California’s water threatened by MTBE

Leaks of the petrol additive MTBE from nearly 1,200 underground tank sites threaten the drinking water supply of millions of Californians, state records show.


An investigation by The San Francisco Chronicle newspaper says that in the city’s Bay Area alone, 251 leaking tank sites pose risk of contaminating public wells with methyl tertiary-butyl ether (MTBE), and that the oxygenate has already reached 48 wells in public water systems serving hundreds of thousands of people, forcing closures or expensive treatment. The analysis, which used data from the State Water Resources Control Board and the state Department of Health Services, does not include tens of thousands of private wells in California and hundreds of thousands nationwide, which are not regulated by public agencies and may not be tested for MTBE, unless nearby leaking underground tanks cause concerns.

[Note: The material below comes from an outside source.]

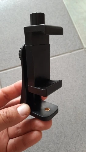 Очень простой и практичный. Оснащен двумя нитями для фиксации, таким образом можно зафиксировать, удерживая мобильный телефон или другую часть можно вращать.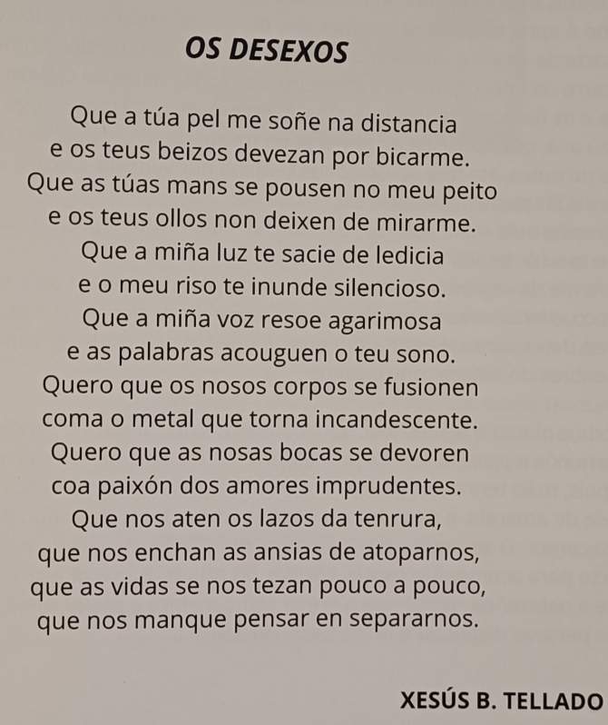 ⁃ Xesús siente el orgullo de un trabajo bien hecho, el placer que supone el reconocimiento al esfuerzo y la calidad literaria de un buen grupo de amigas y amigos -elucubré, pero mantuve el silencio.

The 1,189 underground tank sites leaking MTBE lie within 1,000 feet of public supply wells or on vulnerable drinking water aquifers, state records show. There are an additional 1,729 leaking tank sites farther away from drinking water wells that also pose a concern, the newspaper says. More than 2,500 public drinking water systems that serve 30.5 million people, or 90% of California’s population, have been sampled for MTBE. Of the 8,311 groundwater sources sampled, 48 contained MTBE, while of 595 surface water sources tested, 26 contained the fuel additive.

Statewide, Los Angeles County has the greatest number of leaking tanks, with 16, centered in Santa Monica, Glendale and Burbank, followed by eight each in San Diego County and El Dorado County, which has problems with water contamination in Lake Tahoe. In 1999, recognizing that Santa Monica and South Lake Tahoe had lost crucial wells to MTBE, Governor Gray Davis issued an executive order phasing out the additive by 2003 (see related story).

Last year, a report revealed that leaks of MTBE from underground storage tanks could contaminate as many as 9,000 community water wells in 31 states (see related story).